Önce düzenlerini korumak için çocukları öldürdüler.
Polis tarafından gördüğü işkencelerle intihara sürüklenen Onur Yaser Can’ın annesi Hatice Can'ın intihar haberini sonsuz üzüntü ve öfkeyle karşılamamızı Ethem Sarısülük’ün babası Muzaffer Sarısülük’ün “yüksek güvenlikli bir akıl hastanesine yatırılması” kararını görmemiz takip etti. Anladık ki insanların öldürülmesi yetmeyecek.
Yaser ve Ethem’in öldürülmesi, mevcut toplumsal düzeni ve tüm iktidar ilişkilerini şiddete dayalı pratiklerle sürdürmek isteyen devletin başrol oynadığı cinayetlerdir. Biri polis tarafından işkenceye maruz kaldı ve intihara sürüklendi, biri sokak ortasında polis silahıyla vuruldu. Birinin işkencecileri ve onları koruyanlar ile ötekinin katili ve onu koruyanlar ise ortaya konan bir mahkeme parodisinden ufak tefek sıyrıklarla kurtuldular. Henüz kurtulmamış olanların hesap vereceklerine dair bir umut da günbegün çöken hukuk sistemi içerisinde gözükmemekte.
Hikâye burada bitmedi. Ethem’in babası Muzaffer Sarısülük, Ankara’daki Gezi Direnişi eylemlerinde sokak ortasında vurulmasına tepki olarak bir trafo hattının altında ateş yakıp, diş polikliniğinin kapısına ‘Maddi Tıp şeytandır’ diye yazdığı için hukuk sistemi tarafından –hem de Ethem’in katili için istenenden daha fazla bir ceza istemiyle- yargılandı. Bu yargılamada, egemenlerin bizleri kendilerinin ve kurdukları sistemin akıllı ve akıl sağlığı yerinde olduğuna inandırmak için seçtiği, yüksek güvenlikli bir akıl hastanesine yatırılmasına karar verildi.

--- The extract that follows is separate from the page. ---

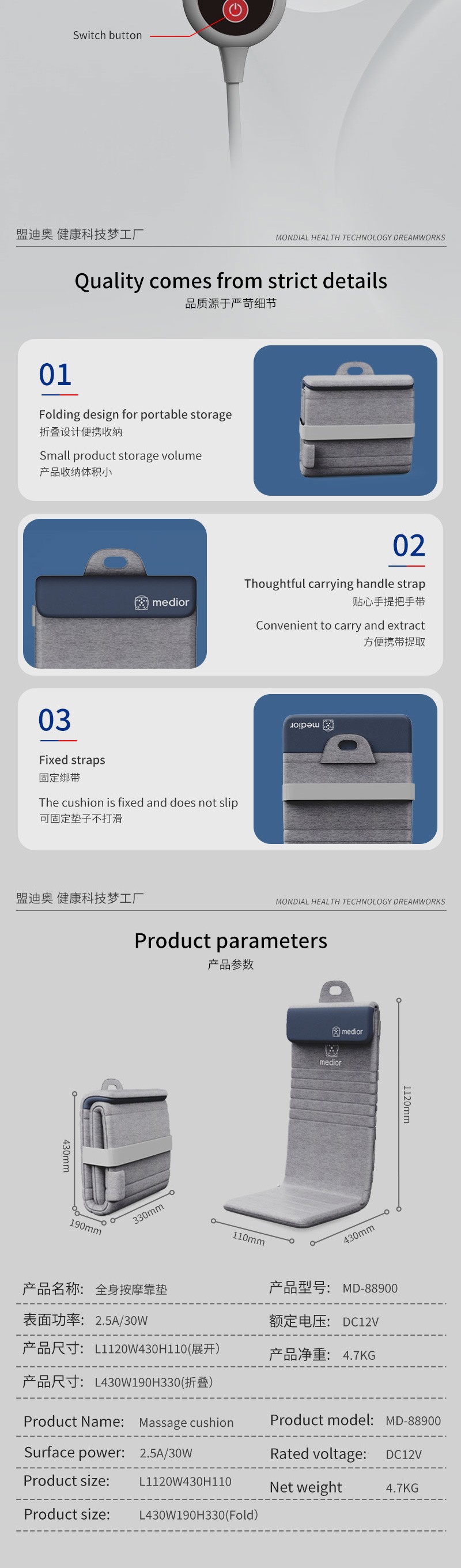1、L型機芯結(jié)構(gòu),對折包裝縮小體積2、獨家專利柔性機芯3、力度三檔調(diào)節(jié),定點按摩,腰背按摩、臀腿按摩、全背按摩模式選擇4、背部行走揉捏,按摩區(qū)域加長到從肩膀到大腿;5、更加貼合不同款式的椅子整體可對折收納

Şimdi biz soruyoruz; polisi demokratik hakkını kullanan silahsız insanları sokak ortasında öldüren, yargıcı bu cinayetin görüldüğü mahkemede uyuyan, mahkemesi türlü hukuk skandallarına imza atarak katili serbest bırakan bir de üstüne katledilen kişinin babasını ille de bir yerlere kapatmaya çalışan düzeninizin “akli dengesi” yerinde mi?
Bundan birkaç yıl önce 28 yaşındaki mimar Onur Yaser Can İstanbul'da üzerinde bir miktar esrarla yakalandığı için gözaltına alınarak işkenceye ve işkence tehdidine maruz bırakıldı. Serbest bırakılmasının ardından da devam eden polis tacizine daha fazla dayanamadı ve intihar etti. Ölümüne sebep olan polisler göstermelik bir kıdem durdurma dışında ceza almadılar. Oğlunun katillerinden hesap sorulması için verdiği mücadelede hep hayal kırıklığı ile karşılaşan annesi Hatice Can ise yaşamına kendi elleriyle son verdi. Yine soruyoruz, ortada gerçek hiçbir suçu olmayan bir genci ve annesini intihara sürükleyen düzeninizin “akıl sağlığı” nasıl?
Yaser’in annesinin adalet duygusunu onaramayıp ölüme sürükleyenler, bir kişiyi zorla “akıl hastanesine” kapatmaya karar verdiler. Egemen akla göre, bu toplumun düzenine ayak uydurmak istemeyen ya da uyduramayan birinin “akıl sağlığından” şüphe duyulmalıydı. Muzaffer Sarısülük de bu toplumun düzenine uymak istememiş, kendine arazide bir barakada yaşam kurmuştu.
Yani bu sefer, düzenlerini korumak için bir insanı zorla “akıl hastanesine” kapatmak istiyorlar. Herkes “aklını” başına alsın diye.
Biz, Toplumsal Dayanışma için Psikologlar Derneği (TODAP) olarak mahkemenin verdiği bu kararı kınıyoruz. Aynı zamanda, hepimizin iyilik halinin sağlanması için tüm bu işkence ve cinayetlerin sorumluların hesap vermesi gerektiğini, tüm baskı ve sömürülerin son bulması gerektiğini tekrarlıyor, bu durumlar özelinde de adaletin sağlanmasına yönelik mücadeleleri desteklediğimizi bir kez daha ifade ediyoruz.